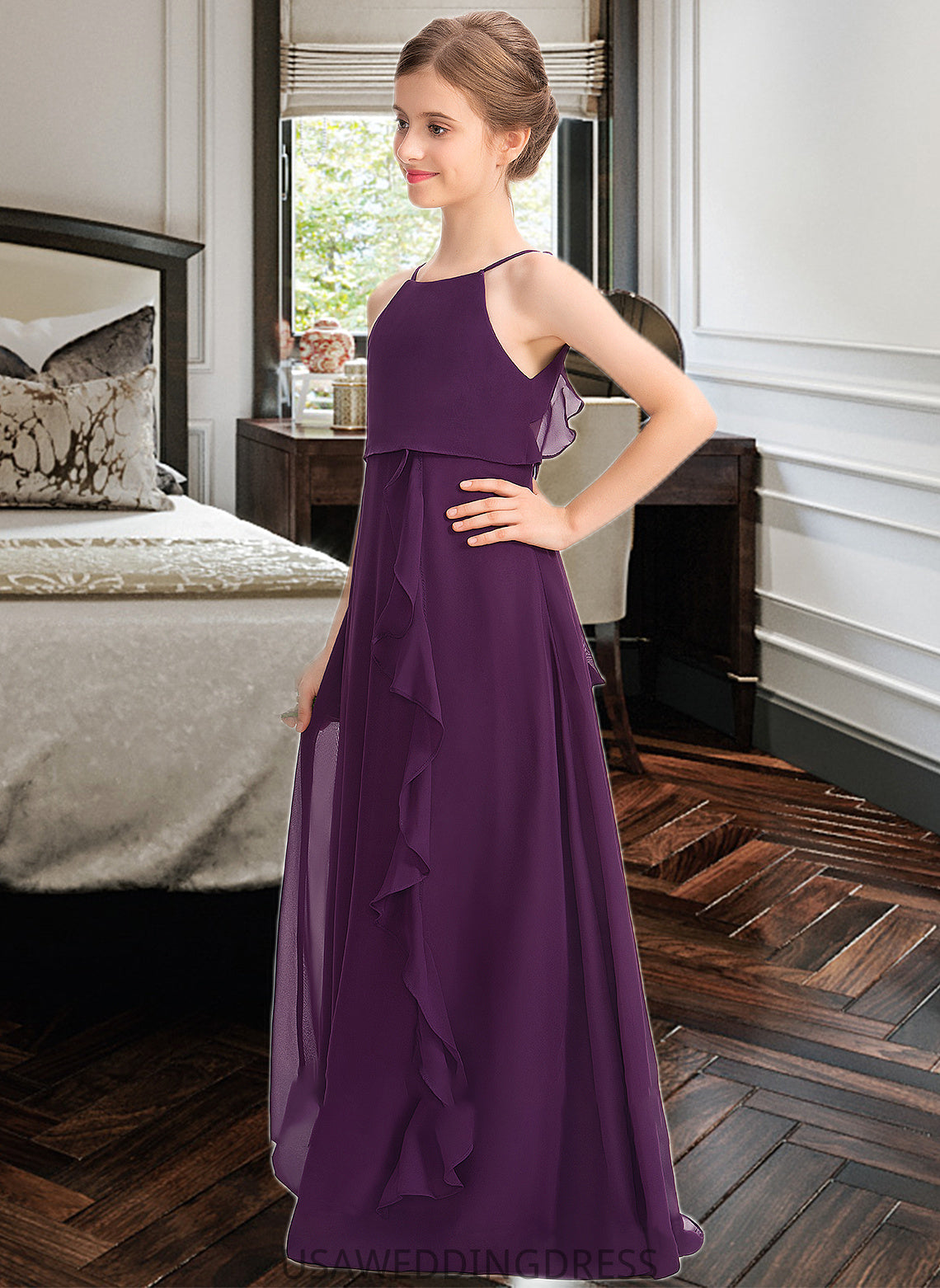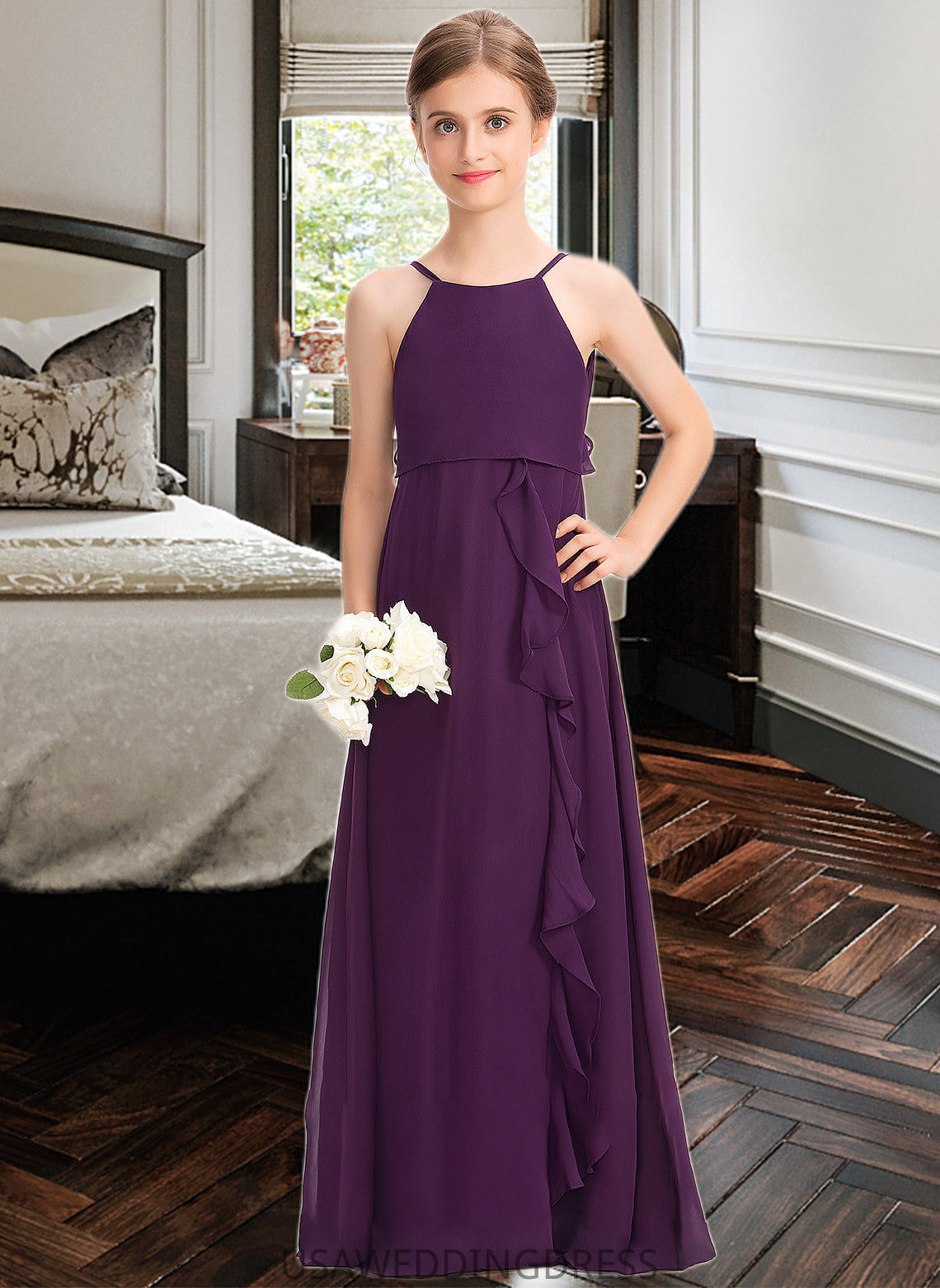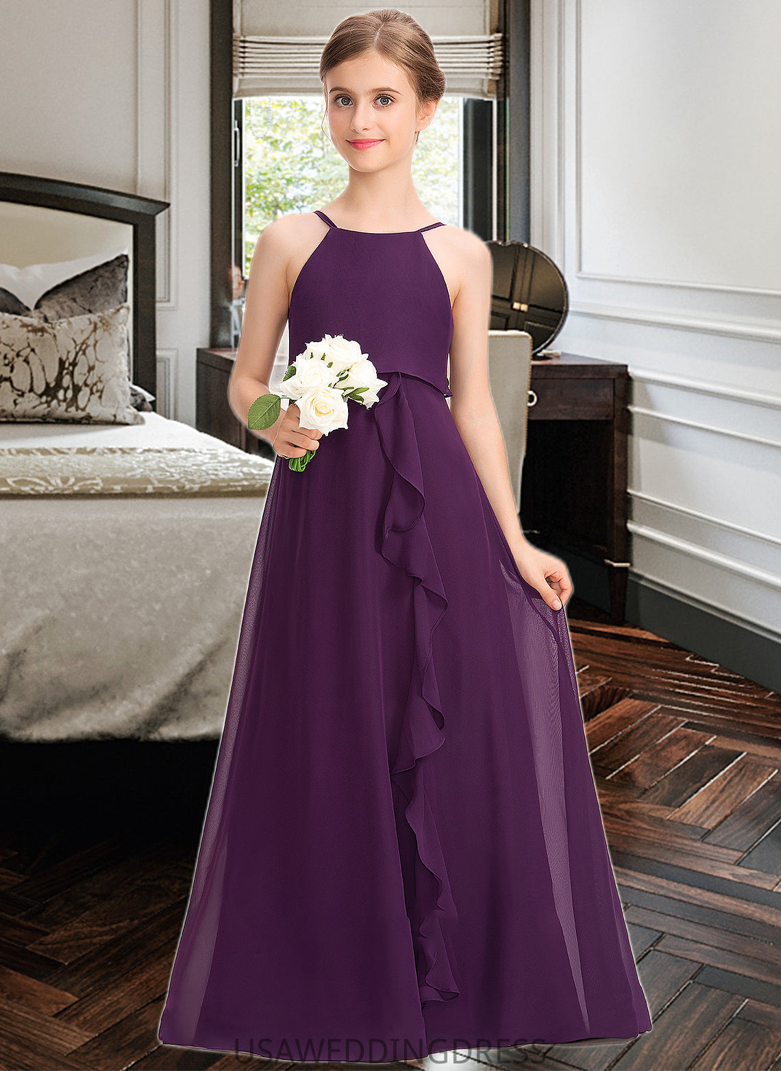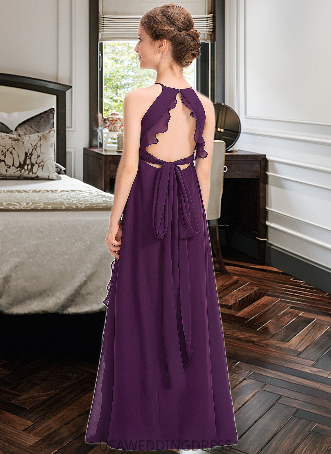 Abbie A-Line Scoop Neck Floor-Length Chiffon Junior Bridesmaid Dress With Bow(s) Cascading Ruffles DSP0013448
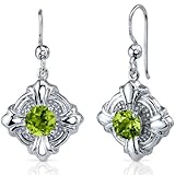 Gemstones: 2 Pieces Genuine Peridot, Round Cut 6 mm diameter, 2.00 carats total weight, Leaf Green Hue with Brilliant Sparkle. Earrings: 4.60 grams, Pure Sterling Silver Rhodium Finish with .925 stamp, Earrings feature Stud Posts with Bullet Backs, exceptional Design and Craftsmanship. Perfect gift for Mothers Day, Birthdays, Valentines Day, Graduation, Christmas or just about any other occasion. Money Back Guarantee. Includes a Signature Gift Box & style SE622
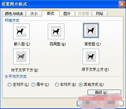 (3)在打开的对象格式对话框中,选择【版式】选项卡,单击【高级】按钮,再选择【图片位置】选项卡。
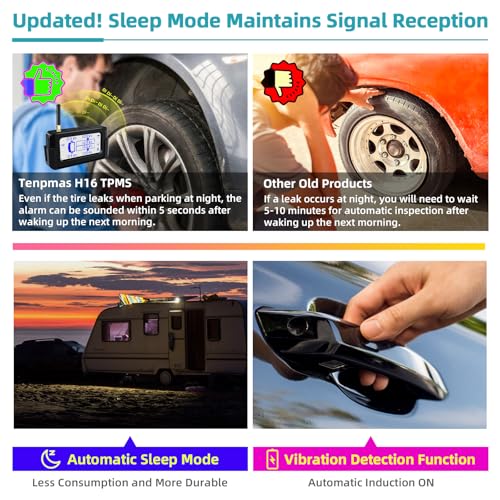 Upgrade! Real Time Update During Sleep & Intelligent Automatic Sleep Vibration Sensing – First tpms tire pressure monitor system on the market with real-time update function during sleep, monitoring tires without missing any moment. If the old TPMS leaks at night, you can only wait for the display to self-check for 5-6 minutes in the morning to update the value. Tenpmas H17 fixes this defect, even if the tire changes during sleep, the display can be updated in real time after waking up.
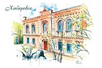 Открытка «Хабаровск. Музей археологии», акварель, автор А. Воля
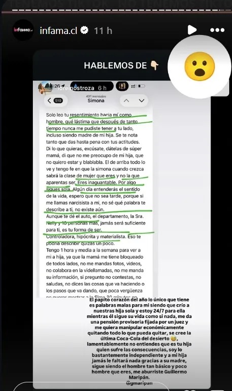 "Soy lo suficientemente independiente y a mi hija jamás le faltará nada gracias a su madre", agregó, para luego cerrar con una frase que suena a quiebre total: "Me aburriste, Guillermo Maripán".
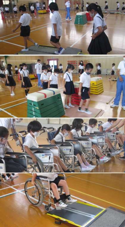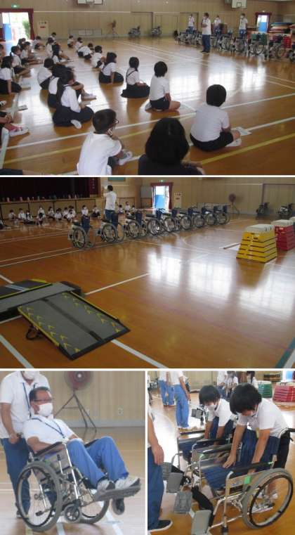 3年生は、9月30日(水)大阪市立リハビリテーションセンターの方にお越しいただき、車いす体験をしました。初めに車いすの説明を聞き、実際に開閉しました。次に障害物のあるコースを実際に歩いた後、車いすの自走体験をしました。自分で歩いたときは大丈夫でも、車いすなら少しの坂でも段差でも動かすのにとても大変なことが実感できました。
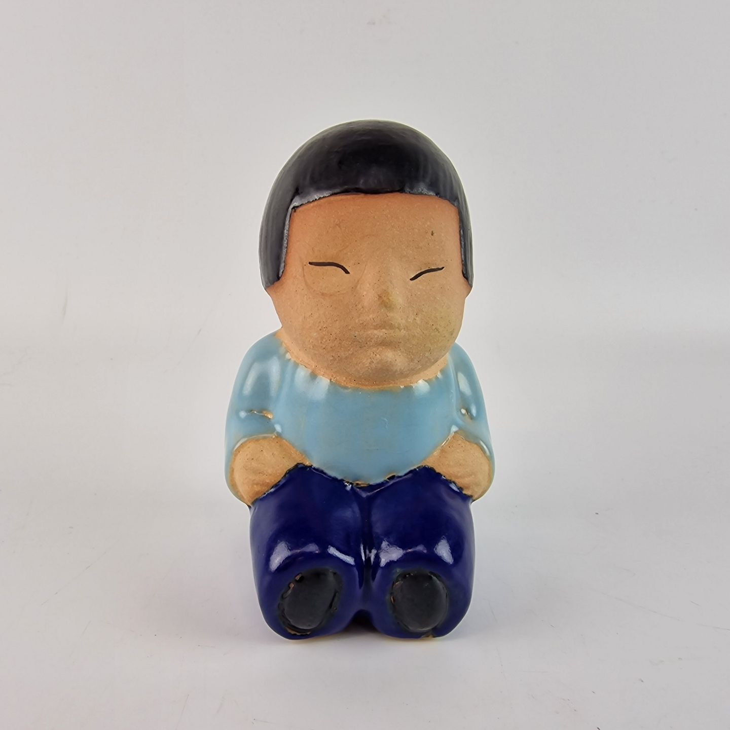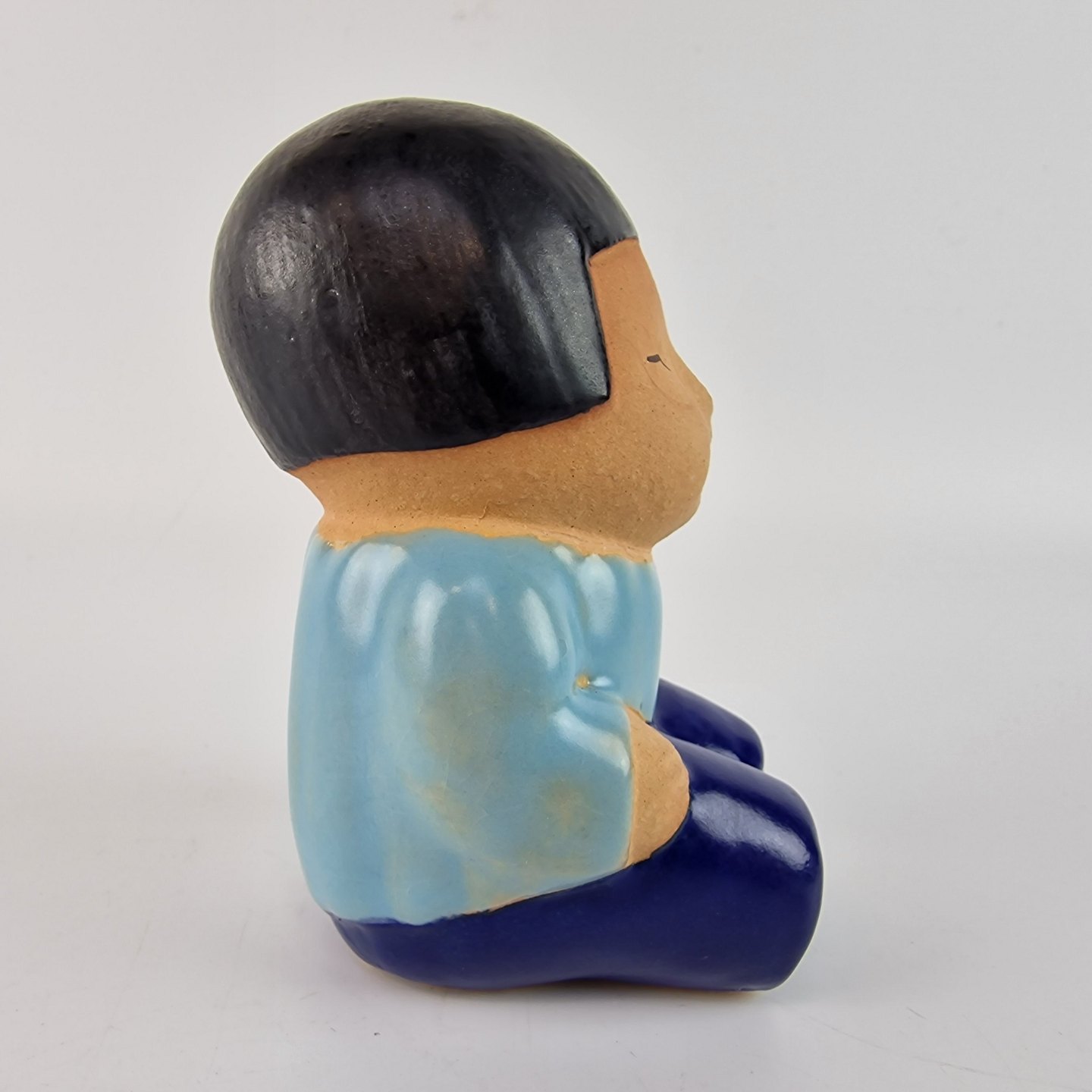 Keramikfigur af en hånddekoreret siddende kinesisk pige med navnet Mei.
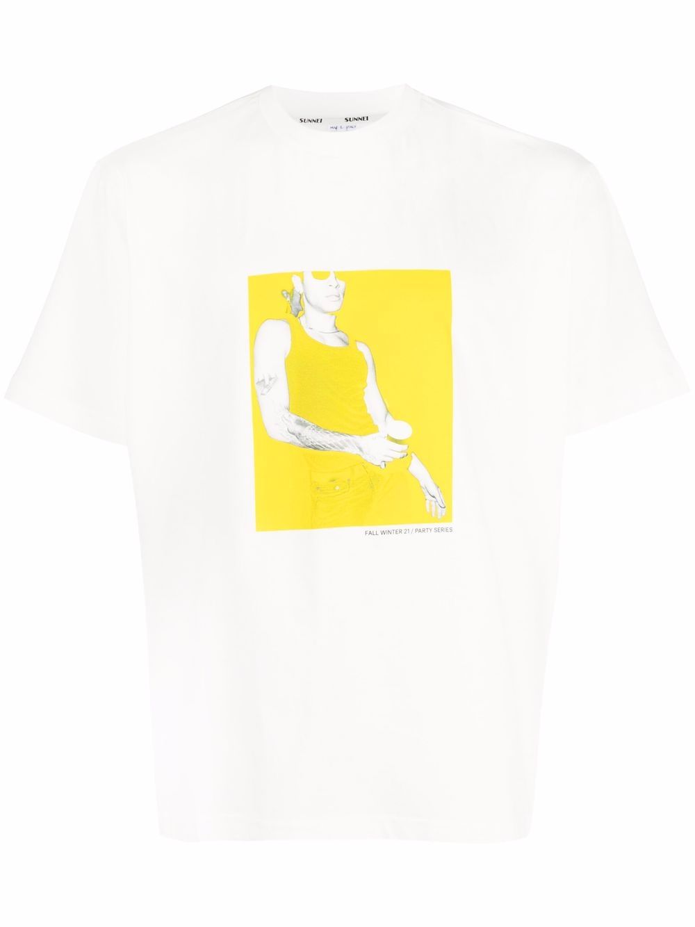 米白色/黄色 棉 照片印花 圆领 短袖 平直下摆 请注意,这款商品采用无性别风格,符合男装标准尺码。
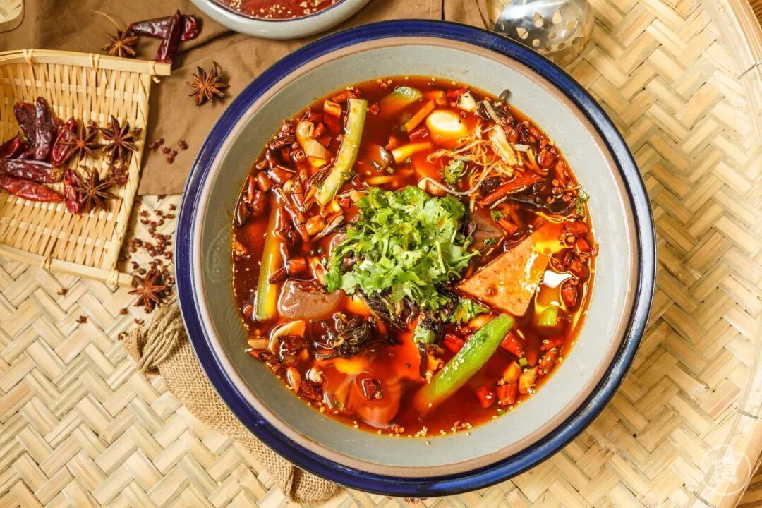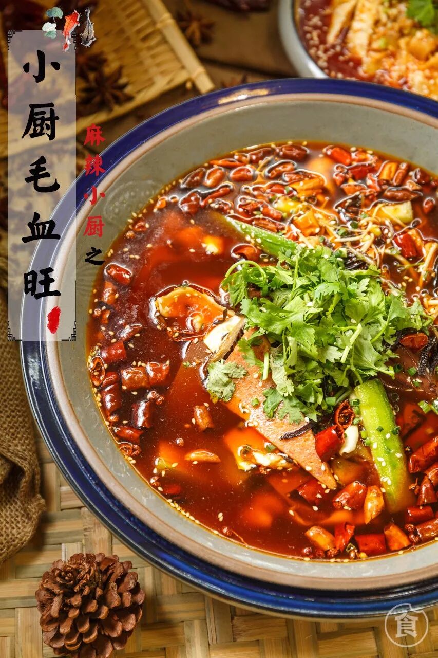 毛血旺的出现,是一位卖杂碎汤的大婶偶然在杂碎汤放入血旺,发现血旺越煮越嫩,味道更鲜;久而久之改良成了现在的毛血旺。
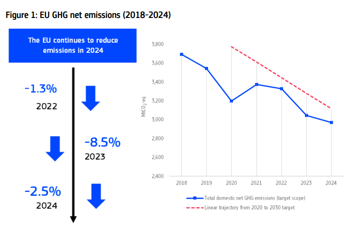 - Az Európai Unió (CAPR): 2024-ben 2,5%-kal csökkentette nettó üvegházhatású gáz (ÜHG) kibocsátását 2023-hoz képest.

--- Task prompt ---
An exact copy is needed of the lines from the start of the listing through the line with "(3)在打开的对象格式对话框", both end lines included and pictures excluded.

--- Written reply ---
 Abbie A-Line Scoop Neck Floor-Length Chiffon Junior Bridesmaid Dress With Bow(s) Cascading Ruffles DSP0013448
 Gemstones: 2 Pieces Genuine Peridot, Round Cut 6 mm diameter, 2.00 carats total weight, Leaf Green Hue with Brilliant Sparkle. Earrings: 4.60 grams, Pure Sterling Silver Rhodium Finish with .925 stamp, Earrings feature Stud Posts with Bullet Backs, exceptional Design and Craftsmanship. Perfect gift for Mothers Day, Birthdays, Valentines Day, Graduation, Christmas or just about any other occasion. Money Back Guarantee. Includes a Signature Gift Box & style SE622
 (3)在打开的对象格式对话框中,选择【版式】选项卡,单击【高级】按钮,再选择【图片位置】选项卡。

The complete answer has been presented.